Когда он наклонился, намереваясь поцеловать меня, я, смеясь над этой дерзостью, быстро спрятала щеку.
— Посреди улицы, мистер Эллисон… — прошептала я в притворном негодовании. — Я думаю, это невозможно!
Несколько хлопьев снега упали на наши шляпы и лица.
— Взгляни… — сказал он, внезапно став серьезным, нежно отряхивая своими теплыми пальцами мою щеку и не сводя с меня глаз. — Тебя благословили крошечными бриллиантами.

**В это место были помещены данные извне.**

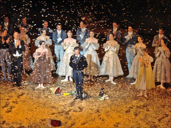 В СССР спектакль был представлен в 1972 году во время гастролей труппы Штутгартский балет[1]. В России балет впервые поставлен 12 июля 2013 года на Исторической сцене Большого театра в Москве. В премьерной постановке ГАБТа были задействованы Владислав Лантратов (Онегин), Семён Чудин (Ленский), Ольга Смирнова (Татьяна), Анна Тихомирова (Ольга), Анастасия Винокур (няня), Виталий Биктимиров (князь Гремин)[5][6].

Стоя лицом к лицу на пустынной улице, мы были похожи на две статуи, застывшие в тишине, и наблюдали, как тают ледяные кристаллы, превращаясь из бриллиантов в слезы.
Мама возвратилась слишком быстро, протянула Чарльзу его перчатки, и я заметила, что он сразу же убрал их в карман:
— Разве вы не собираетесь надеть их после того, как заставили мою маму так беспокоиться? — спросила я, смеясь.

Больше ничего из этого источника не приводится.